DeepMarkit Announces Shareholder Meeting Update, Financial Year-End Change, and Option Amendments

DeepMarkit Corp. (TSXV: MKT) (OTC: MKTDF) (FRA: DEP) (CNW Group/DeepMarkit Corp.)


CALGARY, AB, Sept. 2, 2022 /CNW/ – DeepMarkit Corp., (DeepMarkit or the Company(TSXV: MKT) (OTC: MKTDF) (FRA: DEP), a company focused on transitioning the global carbon offset market to the more accessible digital economy by minting carbon offsets onto the blockchain, announces that it will hold its upcoming annual general and special meeting (the “Meeting“) of shareholders of the Company (the “Shareholders“) at the offices of DS Lawyers Canada LLP, Suite 800, 333 – 7th Avenue SW, Calgary, Alberta T2P 2Z1, at 10:00 am on October 4, 2022.

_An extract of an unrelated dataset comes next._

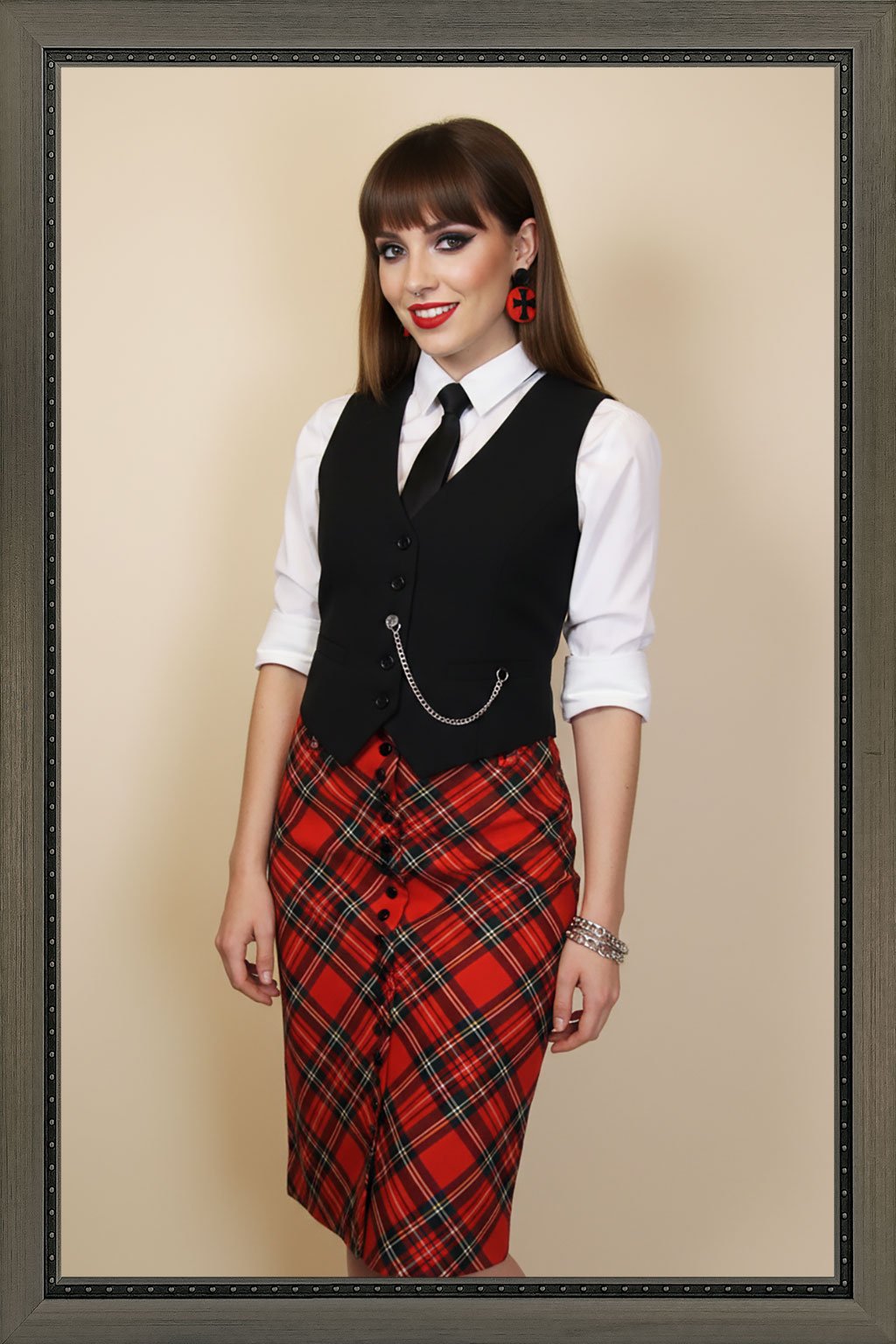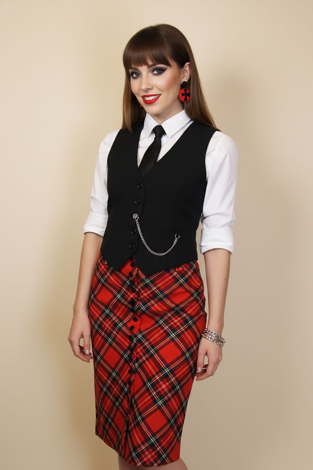 Elegantní propínací pouzdrová sukně, zapínaná na řadu knoflíků, díky kterým si můžete nastavit výšku rozparku. Vyrobená pouze jedna z červeného tartanu ve velikosti 38.

At the Meeting, Shareholders will be asked to, among other things:

  1. Receive and consider the audited, consolidated financial statements of the Company for the fiscal year ended December 31, 2021;
  2. Elect Ranjeet Sundher, Steve Vanry, J. Garry Clark, Paul McKenzie and James Henning as directors of the Company for the ensuing year;
  3. Appoint the auditors of the Company for the ensuing year and authorize the audit committee of the board of directors of the Company to fix the auditors’ remuneration;
  4. Approve the stock option plan of the Company;
  5. Approve the equity incentive compensation plan of the Company (see the Company’s news release dated August 19, 2022);
  6. Approve Radiance Assets Berhad becoming a new “Control Person” (as such term is defined in the TSX Venture Exchange (the “Exchange“) Corporate Finance Manual) of the Company;
  7. Approve an ordinary resolution by the disinterested shareholders ratifying the grant of an aggregate of 15,800,000 restricted share units previously approved by the board of directors of the Company and issued on August 19, 2022 (see the Company’s news release dated August 19, 2022);
  8. Approve an ordinary resolution of disinterested shareholders amending certain previously granted options to insiders of the Corporation, subject to the policies of the Exchange; and
  9. Pass a special resolution authorizing the change of name of the Company to “First Carbon Inc.” or such other name as the board of directors of the Company, in their sole discretion and subject to applicable regulatory approval, determines to be appropriate.

The notice of meeting and management proxy and information circular with respect to the Meeting are expected to be mailed to all shareholders on September 13, 2022 and will also be available under the Company’s issuer profile on SEDAR at

Change in Financial Year-End

The Company also announces that it has today filed a Notice of Change in Year-End with the securities regulators in Alberta and British Columbia. As a result, the Company has changed its financial year-end to June 30 and it will file audited financial statements for the six-month transition year ended June 30, 2022 on or before October 28, 2022. Please see the Notice of Change in Year-End filed on SEDAR for more information.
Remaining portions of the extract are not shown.